Given records
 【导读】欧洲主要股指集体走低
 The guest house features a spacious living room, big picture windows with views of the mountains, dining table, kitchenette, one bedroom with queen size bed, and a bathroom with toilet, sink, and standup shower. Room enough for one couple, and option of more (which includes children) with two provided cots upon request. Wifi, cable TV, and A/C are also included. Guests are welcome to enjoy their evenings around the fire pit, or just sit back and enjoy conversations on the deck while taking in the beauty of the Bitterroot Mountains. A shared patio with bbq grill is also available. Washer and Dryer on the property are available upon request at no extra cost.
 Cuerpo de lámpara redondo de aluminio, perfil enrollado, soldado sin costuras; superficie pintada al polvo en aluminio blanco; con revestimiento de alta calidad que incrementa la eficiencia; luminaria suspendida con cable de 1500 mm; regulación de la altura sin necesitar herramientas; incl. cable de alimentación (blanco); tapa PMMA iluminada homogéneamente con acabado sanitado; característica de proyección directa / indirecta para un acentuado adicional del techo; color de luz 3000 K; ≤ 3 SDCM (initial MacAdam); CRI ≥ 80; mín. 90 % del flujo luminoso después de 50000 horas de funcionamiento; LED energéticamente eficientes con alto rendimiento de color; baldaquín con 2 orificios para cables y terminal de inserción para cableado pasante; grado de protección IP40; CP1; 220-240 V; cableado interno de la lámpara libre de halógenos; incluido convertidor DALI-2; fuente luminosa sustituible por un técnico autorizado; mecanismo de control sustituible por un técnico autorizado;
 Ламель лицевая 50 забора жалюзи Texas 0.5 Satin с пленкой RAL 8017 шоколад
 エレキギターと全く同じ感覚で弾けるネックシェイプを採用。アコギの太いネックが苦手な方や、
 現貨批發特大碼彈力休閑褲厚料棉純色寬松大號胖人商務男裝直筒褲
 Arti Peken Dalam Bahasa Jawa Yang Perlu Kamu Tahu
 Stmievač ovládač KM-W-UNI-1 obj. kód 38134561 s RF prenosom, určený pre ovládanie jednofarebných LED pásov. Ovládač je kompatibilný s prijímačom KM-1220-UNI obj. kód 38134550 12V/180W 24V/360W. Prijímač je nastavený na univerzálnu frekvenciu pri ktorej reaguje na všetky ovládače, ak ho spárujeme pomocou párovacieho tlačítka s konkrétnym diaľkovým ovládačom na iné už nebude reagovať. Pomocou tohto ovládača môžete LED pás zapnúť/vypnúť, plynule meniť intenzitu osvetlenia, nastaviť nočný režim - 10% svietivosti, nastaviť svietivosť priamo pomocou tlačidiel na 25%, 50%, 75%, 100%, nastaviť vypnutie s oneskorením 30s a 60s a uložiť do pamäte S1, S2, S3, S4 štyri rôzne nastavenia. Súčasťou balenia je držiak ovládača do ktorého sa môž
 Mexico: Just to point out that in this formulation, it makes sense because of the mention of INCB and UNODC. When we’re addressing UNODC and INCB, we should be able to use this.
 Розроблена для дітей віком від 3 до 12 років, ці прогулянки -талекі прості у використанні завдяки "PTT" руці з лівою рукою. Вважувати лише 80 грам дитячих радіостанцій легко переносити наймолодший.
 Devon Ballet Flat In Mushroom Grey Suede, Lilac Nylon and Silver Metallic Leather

Prompt
Whatever appears in the data above should be set down again exactly.

Written answer
 【导读】欧洲主要股指集体走低
 The guest house features a spacious living room, big picture windows with views of the mountains, dining table, kitchenette, one bedroom with queen size bed, and a bathroom with toilet, sink, and standup shower. Room enough for one couple, and option of more (which includes children) with two provided cots upon request. Wifi, cable TV, and A/C are also included. Guests are welcome to enjoy their evenings around the fire pit, or just sit back and enjoy conversations on the deck while taking in the beauty of the Bitterroot Mountains. A shared patio with bbq grill is also available. Washer and Dryer on the property are available upon request at no extra cost.
 Cuerpo de lámpara redondo de aluminio, perfil enrollado, soldado sin costuras; superficie pintada al polvo en aluminio blanco; con revestimiento de alta calidad que incrementa la eficiencia; luminaria suspendida con cable de 1500 mm; regulación de la altura sin necesitar herramientas; incl. cable de alimentación (blanco); tapa PMMA iluminada homogéneamente con acabado sanitado; característica de proyección directa / indirecta para un acentuado adicional del techo; color de luz 3000 K; ≤ 3 SDCM (initial MacAdam); CRI ≥ 80; mín. 90 % del flujo luminoso después de 50000 horas de funcionamiento; LED energéticamente eficientes con alto rendimiento de color; baldaquín con 2 orificios para cables y terminal de inserción para cableado pasante; grado de protección IP40; CP1; 220-240 V; cableado interno de la lámpara libre de halógenos; incluido convertidor DALI-2; fuente luminosa sustituible por un técnico autorizado; mecanismo de control sustituible por un técnico autorizado;
 Ламель лицевая 50 забора жалюзи Texas 0.5 Satin с пленкой RAL 8017 шоколад
 エレキギターと全く同じ感覚で弾けるネックシェイプを採用。アコギの太いネックが苦手な方や、
 現貨批發特大碼彈力休閑褲厚料棉純色寬松大號胖人商務男裝直筒褲
 Arti Peken Dalam Bahasa Jawa Yang Perlu Kamu Tahu
 Stmievač ovládač KM-W-UNI-1 obj. kód 38134561 s RF prenosom, určený pre ovládanie jednofarebných LED pásov. Ovládač je kompatibilný s prijímačom KM-1220-UNI obj. kód 38134550 12V/180W 24V/360W. Prijímač je nastavený na univerzálnu frekvenciu pri ktorej reaguje na všetky ovládače, ak ho spárujeme pomocou párovacieho tlačítka s konkrétnym diaľkovým ovládačom na iné už nebude reagovať. Pomocou tohto ovládača môžete LED pás zapnúť/vypnúť, plynule meniť intenzitu osvetlenia, nastaviť nočný režim - 10% svietivosti, nastaviť svietivosť priamo pomocou tlačidiel na 25%, 50%, 75%, 100%, nastaviť vypnutie s oneskorením 30s a 60s a uložiť do pamäte S1, S2, S3, S4 štyri rôzne nastavenia. Súčasťou balenia je držiak ovládača do ktorého sa môž
 Mexico: Just to point out that in this formulation, it makes sense because of the mention of INCB and UNODC. When we’re addressing UNODC and INCB, we should be able to use this.
 Розроблена для дітей віком від 3 до 12 років, ці прогулянки -талекі прості у використанні завдяки "PTT" руці з лівою рукою. Вважувати лише 80 грам дитячих радіостанцій легко переносити наймолодший.
 Devon Ballet Flat In Mushroom Grey Suede, Lilac Nylon and Silver Metallic Leather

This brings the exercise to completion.